Antes que esse texto fique parecendo um post de site ambientalista, vamos trazer tecnologia à equação. Conheçam o conceito de OpenAG (ou Agricultura Livre) e o Diretor do MIT Caleb Harper. Ele e seus colegas Daniel Goodman, Camille Richman e Jake Rye criaram um computador capaz de cultivar comida.
E não é um laboratório super complexo e com custos estratosféricos. Na verdade, esse projeto é open source, tudo foi pensado para ser o mais barato possível, com vídeos dos materiais utilizados, tutoriais de como montar (dos mais simples aos mais complexos) e software de código livre. Você pode fazer um computador de alimentos mesmo com equipamentos antigos.
Comida, tecnologia e clima
Vamos por partes. O principal problema aqui é que somos escravos do clima. Cada lugar do mundo tem um clima diferente e, portanto, só é capaz de cultivar comidas específicas. Vemos abaixo o mapa de como os alimentos transitam pelo nosso planeta:
E se cada país pudesse controlar isso? O que mudaria em relação à disponibilidade da comida? Seu preço? Sua qualidade? Sua nutrição? Quem trabalharia nisso? Foram essas perguntas que a equipe do MIT fez.
A primeira coisa que eles descobriam é que, entre as novas gerações de profissionais, quase ninguém quer ser fazendeiro. Cultivar alimentos é difícil. É custoso, dá muito trabalho. Os mais jovens, seja nos Brasil, Estados Unidos, seja em países da África, querem ir para os grandes pólos, as grandes cidades.

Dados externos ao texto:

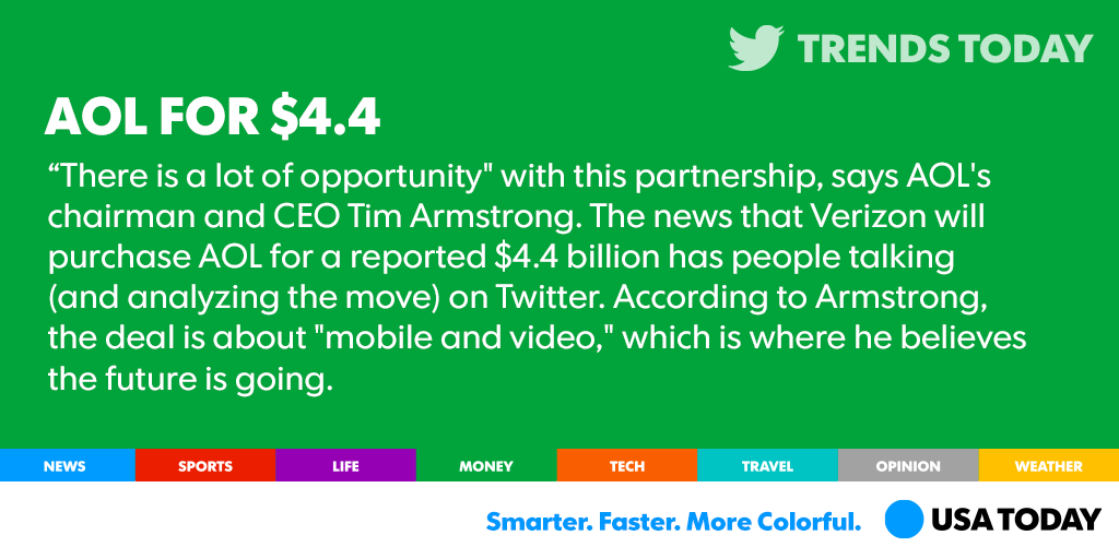 @USATODAY: Verizon’s $4.4 million AOL acquisition has people talking: http://usat.ly/1FbZ9BK pic.twitter.com/QgSsbRu5ae”#dubizsoc

O que levou a equipe a outra pergunta: e se fazendas fossem digitais?
E foi assim que eles montaram o laboratório. Num cantinho que ninguém estava usando, eles começaram a fazer suas experimentações com todo tipo de alimento. Frutas, verduras, legumes. Matando quase todas elas, é verdade, até que o processo se estabilizou, se aperfeiçoou. O resultado? Alimentos com cores vívidas, raízes fortes, produtos saudáveis.
O segredo para isso foi descobrir como programar o clima. Quando você pode codificar o ambiente, tem em suas mãos a possibilidade de definir a cor daquela planta, sua forma, seu gosto, até mesmo sua textura.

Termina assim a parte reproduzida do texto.